Supplied data:
[Start of section]
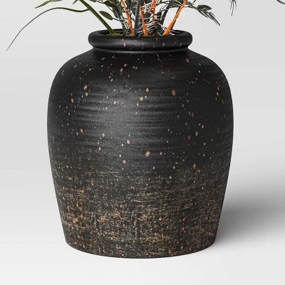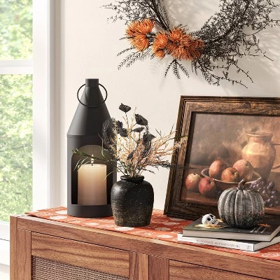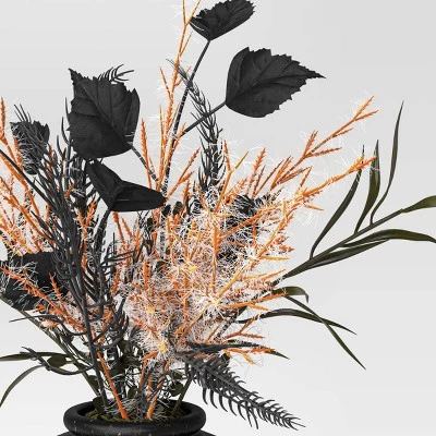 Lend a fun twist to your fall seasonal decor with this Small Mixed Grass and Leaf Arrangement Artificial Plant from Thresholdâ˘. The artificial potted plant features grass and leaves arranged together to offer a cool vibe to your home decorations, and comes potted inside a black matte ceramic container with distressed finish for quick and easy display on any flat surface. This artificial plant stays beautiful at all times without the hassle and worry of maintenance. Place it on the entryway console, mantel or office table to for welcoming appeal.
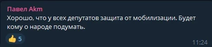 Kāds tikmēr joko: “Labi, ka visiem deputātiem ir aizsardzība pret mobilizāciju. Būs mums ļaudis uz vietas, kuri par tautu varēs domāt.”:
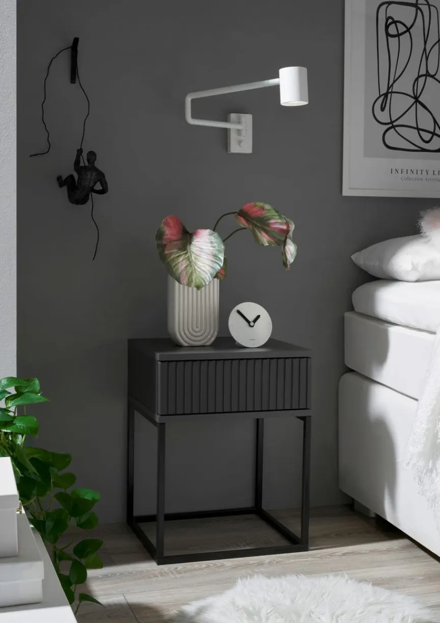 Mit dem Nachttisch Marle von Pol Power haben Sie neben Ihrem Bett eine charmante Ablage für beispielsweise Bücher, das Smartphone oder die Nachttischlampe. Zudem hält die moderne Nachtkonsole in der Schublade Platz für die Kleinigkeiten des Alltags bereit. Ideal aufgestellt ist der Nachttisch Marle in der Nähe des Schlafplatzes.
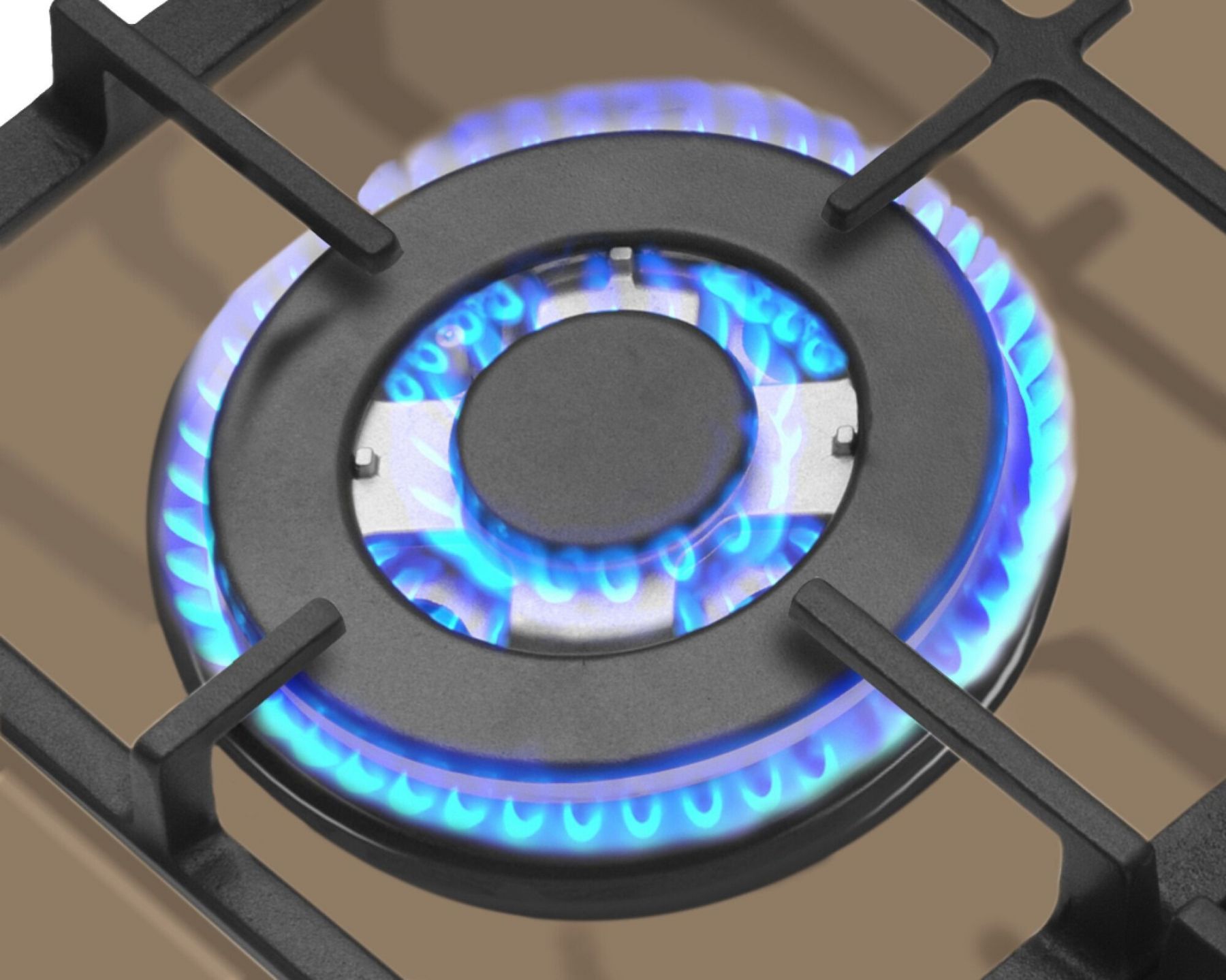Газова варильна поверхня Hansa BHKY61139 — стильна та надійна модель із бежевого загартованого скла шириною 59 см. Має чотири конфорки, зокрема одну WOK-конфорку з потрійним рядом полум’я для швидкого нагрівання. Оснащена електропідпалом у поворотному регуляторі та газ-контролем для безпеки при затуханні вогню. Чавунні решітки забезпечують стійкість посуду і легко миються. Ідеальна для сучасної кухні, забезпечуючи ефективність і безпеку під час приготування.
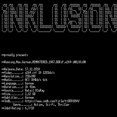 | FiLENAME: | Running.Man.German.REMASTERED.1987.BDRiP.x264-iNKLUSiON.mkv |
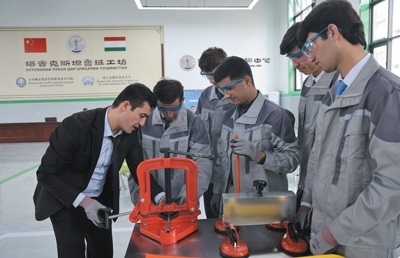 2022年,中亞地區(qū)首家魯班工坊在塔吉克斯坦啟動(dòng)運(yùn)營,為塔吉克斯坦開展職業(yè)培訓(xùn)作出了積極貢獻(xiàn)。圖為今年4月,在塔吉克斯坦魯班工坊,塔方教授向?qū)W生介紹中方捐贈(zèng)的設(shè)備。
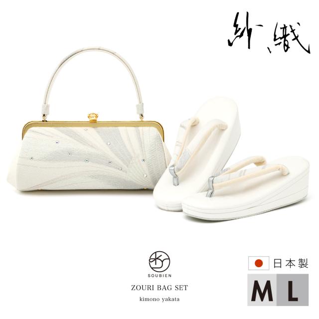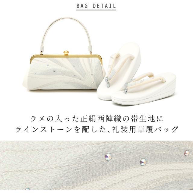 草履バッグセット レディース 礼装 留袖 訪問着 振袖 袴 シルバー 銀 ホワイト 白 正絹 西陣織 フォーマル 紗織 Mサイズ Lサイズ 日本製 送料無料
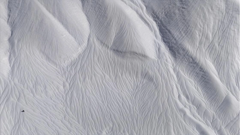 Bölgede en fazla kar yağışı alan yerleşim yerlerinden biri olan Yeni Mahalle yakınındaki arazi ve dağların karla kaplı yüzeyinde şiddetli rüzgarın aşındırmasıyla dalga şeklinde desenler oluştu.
[End of section]
[Start of section]
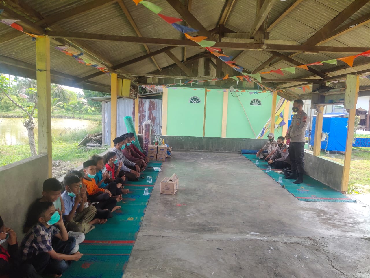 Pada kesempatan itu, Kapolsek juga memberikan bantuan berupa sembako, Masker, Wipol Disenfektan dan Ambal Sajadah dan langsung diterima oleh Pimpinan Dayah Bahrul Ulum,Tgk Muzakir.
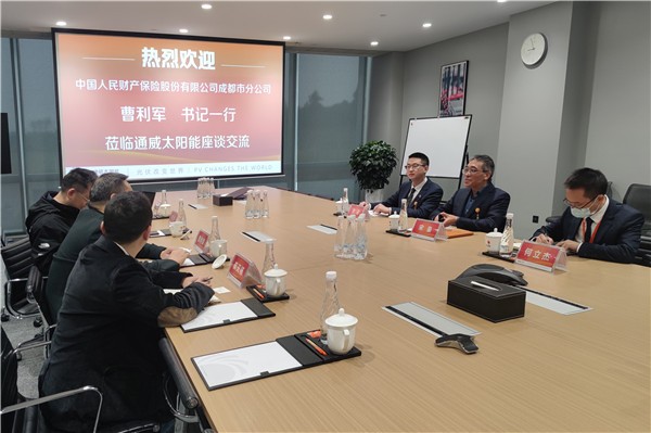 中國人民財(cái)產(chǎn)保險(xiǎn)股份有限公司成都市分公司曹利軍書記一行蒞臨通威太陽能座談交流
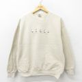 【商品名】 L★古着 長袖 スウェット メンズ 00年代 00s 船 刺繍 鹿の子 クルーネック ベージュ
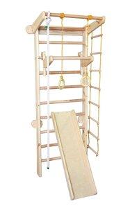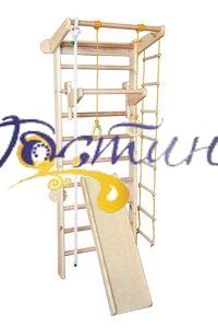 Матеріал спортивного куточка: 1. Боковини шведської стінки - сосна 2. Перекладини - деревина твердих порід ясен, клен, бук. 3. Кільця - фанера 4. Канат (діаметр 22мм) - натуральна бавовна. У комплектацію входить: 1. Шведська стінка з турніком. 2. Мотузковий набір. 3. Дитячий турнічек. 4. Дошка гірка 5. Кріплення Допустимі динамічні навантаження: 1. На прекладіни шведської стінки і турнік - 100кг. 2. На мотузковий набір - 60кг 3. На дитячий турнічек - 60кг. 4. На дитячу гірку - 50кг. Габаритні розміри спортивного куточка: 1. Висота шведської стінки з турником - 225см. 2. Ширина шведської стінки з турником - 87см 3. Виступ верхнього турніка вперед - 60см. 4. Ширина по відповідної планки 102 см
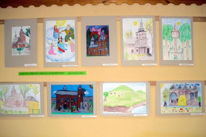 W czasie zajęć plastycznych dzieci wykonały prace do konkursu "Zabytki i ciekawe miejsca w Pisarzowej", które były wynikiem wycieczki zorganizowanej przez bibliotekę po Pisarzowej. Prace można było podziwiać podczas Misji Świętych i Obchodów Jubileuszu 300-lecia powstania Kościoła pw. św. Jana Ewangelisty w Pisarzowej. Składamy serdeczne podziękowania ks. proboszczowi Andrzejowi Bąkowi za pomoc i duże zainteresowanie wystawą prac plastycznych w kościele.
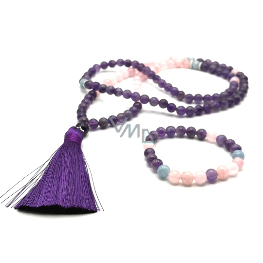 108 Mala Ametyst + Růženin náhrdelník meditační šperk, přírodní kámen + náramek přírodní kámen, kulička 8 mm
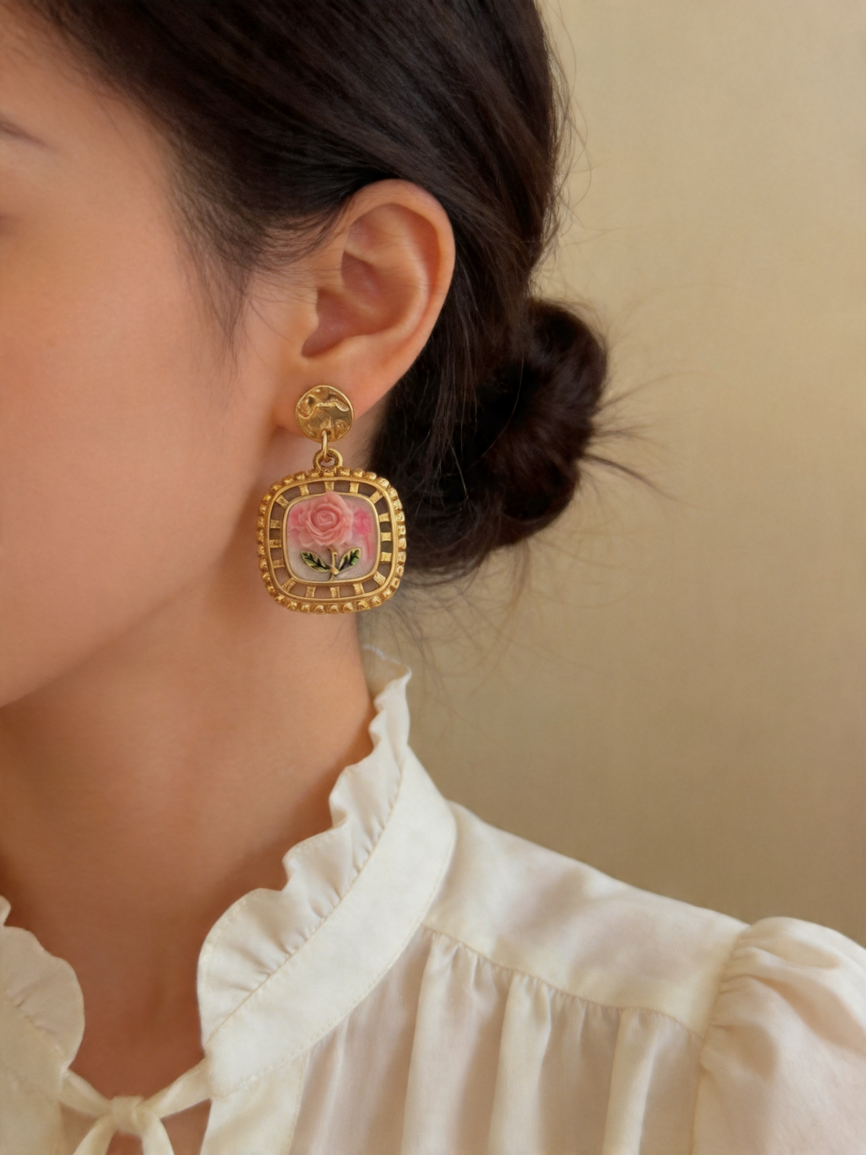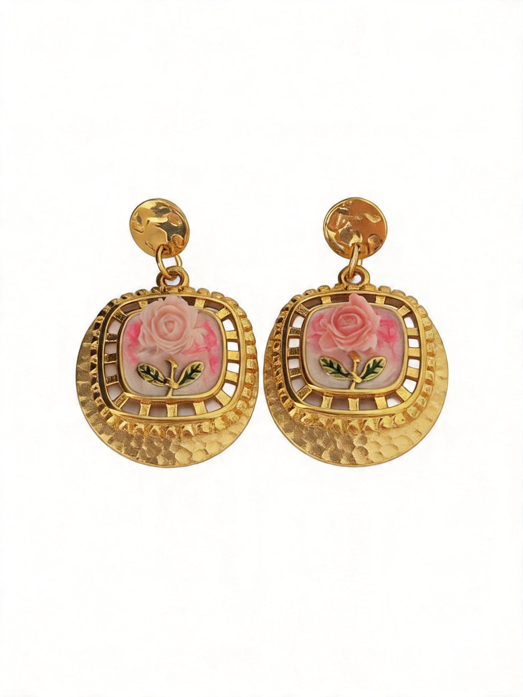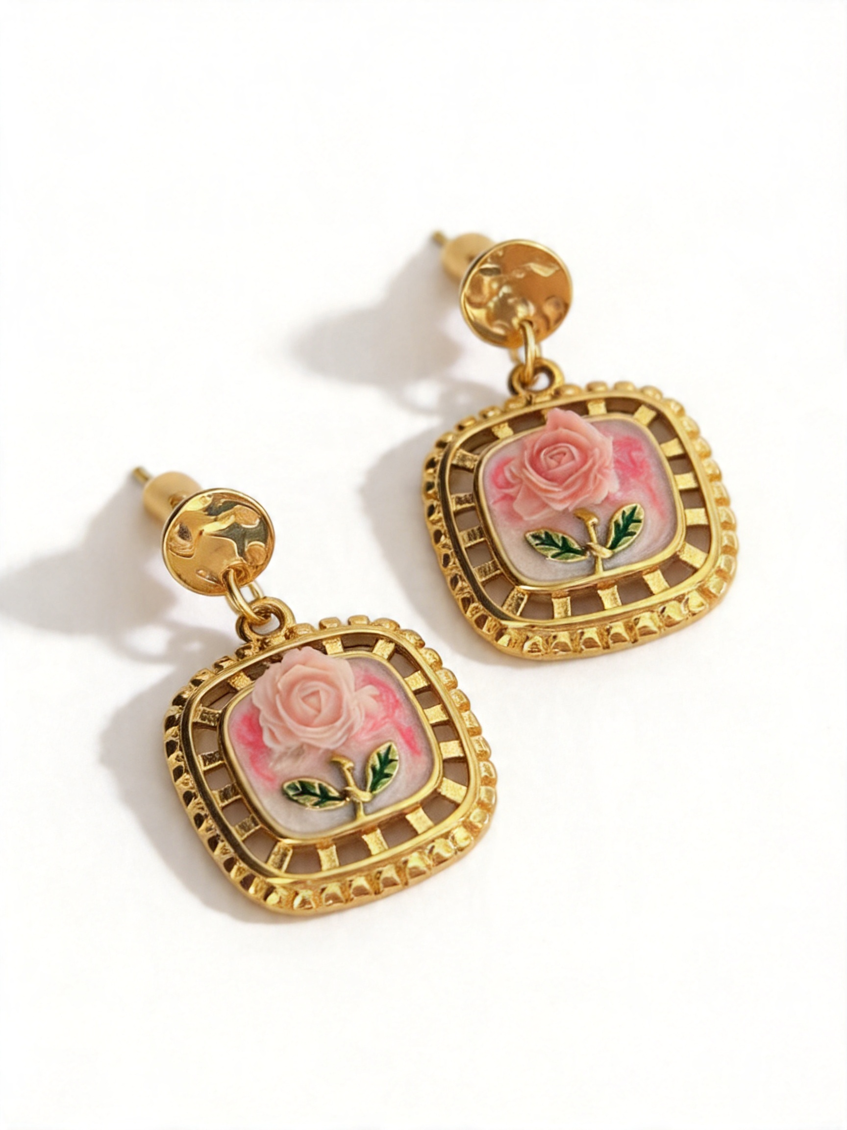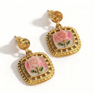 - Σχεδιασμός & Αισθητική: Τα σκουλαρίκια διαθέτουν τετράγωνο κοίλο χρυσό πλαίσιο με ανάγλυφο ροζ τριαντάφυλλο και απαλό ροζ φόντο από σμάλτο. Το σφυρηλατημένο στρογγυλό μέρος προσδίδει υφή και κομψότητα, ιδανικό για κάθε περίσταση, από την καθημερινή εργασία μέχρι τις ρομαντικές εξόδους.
[End of section]
[Start of section]
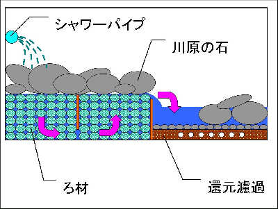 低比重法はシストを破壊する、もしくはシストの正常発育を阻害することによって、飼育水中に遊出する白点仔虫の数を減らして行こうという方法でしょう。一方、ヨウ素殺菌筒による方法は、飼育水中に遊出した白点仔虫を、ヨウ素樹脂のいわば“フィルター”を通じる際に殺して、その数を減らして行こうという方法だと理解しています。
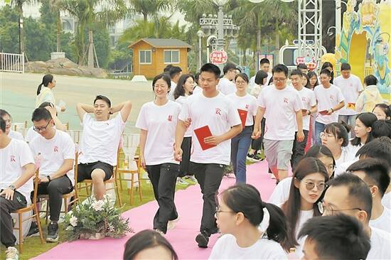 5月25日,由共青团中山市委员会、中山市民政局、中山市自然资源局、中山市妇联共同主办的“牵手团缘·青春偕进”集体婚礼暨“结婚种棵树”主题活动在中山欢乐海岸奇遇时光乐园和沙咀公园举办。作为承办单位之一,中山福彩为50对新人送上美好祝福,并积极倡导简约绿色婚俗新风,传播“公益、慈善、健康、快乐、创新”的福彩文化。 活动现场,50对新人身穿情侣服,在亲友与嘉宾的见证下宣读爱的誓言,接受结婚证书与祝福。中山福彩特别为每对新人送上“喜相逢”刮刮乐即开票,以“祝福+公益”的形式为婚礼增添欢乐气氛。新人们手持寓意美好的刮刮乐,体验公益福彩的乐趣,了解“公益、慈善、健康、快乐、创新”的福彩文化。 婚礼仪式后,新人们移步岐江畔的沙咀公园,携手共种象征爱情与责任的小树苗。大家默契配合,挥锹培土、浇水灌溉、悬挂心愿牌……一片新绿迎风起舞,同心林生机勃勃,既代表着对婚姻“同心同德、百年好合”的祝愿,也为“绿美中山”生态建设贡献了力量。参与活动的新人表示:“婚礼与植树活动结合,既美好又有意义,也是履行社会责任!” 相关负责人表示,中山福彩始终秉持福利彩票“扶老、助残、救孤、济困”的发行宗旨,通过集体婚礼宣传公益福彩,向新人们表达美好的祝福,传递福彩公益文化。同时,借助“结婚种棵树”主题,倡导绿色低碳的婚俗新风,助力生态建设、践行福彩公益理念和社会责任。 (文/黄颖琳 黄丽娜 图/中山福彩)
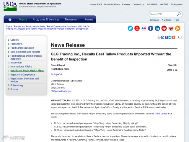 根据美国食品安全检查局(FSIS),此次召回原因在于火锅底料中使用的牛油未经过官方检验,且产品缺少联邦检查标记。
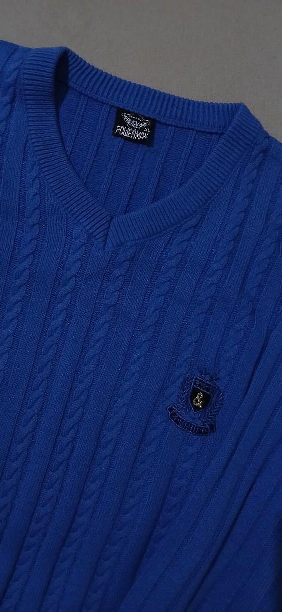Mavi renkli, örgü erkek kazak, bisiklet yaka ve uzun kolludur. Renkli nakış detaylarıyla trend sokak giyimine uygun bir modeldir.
[End of section]
What to do: Take the entries above and copy exactly the lines starting at the one with "108 Mala Ametyst" and ending at the one with "- Σχεδιασμός &"; nothing outside that span, and no pictures.

Solution to this task:
 108 Mala Ametyst + Růženin náhrdelník meditační šperk, přírodní kámen + náramek přírodní kámen, kulička 8 mm
 - Σχεδιασμός & Αισθητική: Τα σκουλαρίκια διαθέτουν τετράγωνο κοίλο χρυσό πλαίσιο με ανάγλυφο ροζ τριαντάφυλλο και απαλό ροζ φόντο από σμάλτο. Το σφυρηλατημένο στρογγυλό μέρος προσδίδει υφή και κομψότητα, ιδανικό για κάθε περίσταση, από την καθημερινή εργασία μέχρι τις ρομαντικές εξόδους.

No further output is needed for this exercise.